Noteworthy to perform in the de Jong Concert Hall for the first time

Noteworthy 2014-2015 to perform in the deJong Concert Hall for the first time on December 11
Noteworthy 2014–2015 to perform in the deJong Concert Hall for the first time on Dec. 11.

The BYU a capella group Noteworthy will have its first concert in the de Jong Concert Hall since its founding 10 years after.

Noteworthy is a nine-part, all-female a capella group at BYU. As the newest official performing group at Brigham Young University, Noteworthy will perform for the first time in the Harris Fine Arts Center in the de Jong Concert hall on Dec. 11. The group had been aiming to perform in the concert hall for more than 10 years. After being dubbed an official performing group, Noteworthy was given the green light to hold a concert in the HFAC.

“I expect that the ladies’ intense preparation, the beautiful venue and the high energy of the crowd are going to combine to create the greatest Noteworthy concert ever,” said Keith Evans, director of BYU Noteworthy. “Seriously, it’s going to be a blast.”

The group has had an impressive résumé for the past 10 years as a student-run group, but members have been aiming to be part of BYU’s School of Music for a long time, so this is one of its highest achievements. This is an exciting time for the members of the group, as well as for alumni who have participated in prior years.

“When I saw a huge poster for their show hanging in the HFAC I freaked out with excitement,” said Tatiana Quinn, a BYU law student and former director of Noteworthy. “I’m just so excited that Noteworthy is finally an official BYU group and that more people will be exposed to them now. Noteworthy finally has the chance to live up to its potential.”

The group has produced highly acclaimed recordings, appeared on NBC’s “The Sing-Off” and won the International Championship of Collegiate A Capella in 2007. It has produced four albums and been a hit on both iTunes and Spotify. Noteworthy’s nine singers deliver a power-packed concert that combines vocal percussion, humor and a tight harmony.

Janae Klumpp, a member of the group studying music dance theater, has worked for two years for this opportunity to perform in the de Jong Concert Hall.

“We finally hit our goal, so now we can make bigger and better goals,” Klumpp said. “People are starting to hear Noteworthy, and we can get our message across.”

Klumpp said the show will be worth the wait. “We have a pretty wide variety of songs, and most of them are brand-new arrangements that Noteworthy has never done before,” she said. “It’s going to be super high energy.”

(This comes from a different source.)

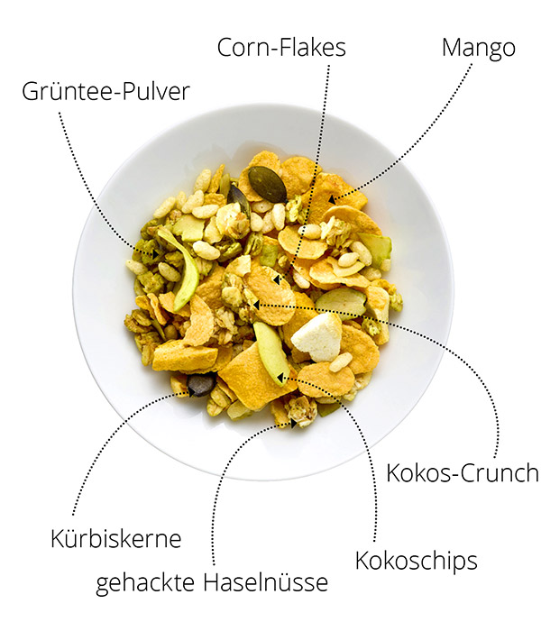Ob mit Joghurt oder Milch – das Mango-Matcha-Müsli ist ein echter Hingucker, der am Buffet direkt ins Auge fällt.

The group has eight brand-new members. It has been working overtime to prepare for the show, as it had to prepare a full concert in a span of three months. Janessa Lyons, a senior majoring in elementary education, is one of the newest members of the group.

“The hardest thing for me was learning to sing and dance at the same time,” Lyons said. “We have been singing for people on campus to get our name out there, and we have been working overtime. If people come to the show they will be impressed with all the work we have put in.”

The group’s founder and a BYU alumna, Esther Vangorder, patterned the idea of the group after the nine-member, all-male group, Vocal Point. After seeing Vocal Point perform, Vangorder wanted to create a female group of the same caliber. The group was self sustained and run by BYU students for 10 years. Now, as an official part of BYU’s performing arts, it will have many more performance opportunities, including this opportunity to perform in the de Jong concert hall.

“Watching Noteworthy evolve has been an emotional process,” Vangorder said. “I had hopes and dreams for Noteworthy, but I wasn’t sure what would happen to it.”

She said BYU had wanted to wait and see whether the group would keep going on its own before. “Noteworthy stuck around, grew and rocked the house.”

The group has various styles, including rock, pop, country, jazz, R&B and spiritual. The group will perform Dec. 11 at 7:30 p.m. in the de Jong Concert Hall.  The cost of the performance is $12 for the general public and $10 for students and BYU employees.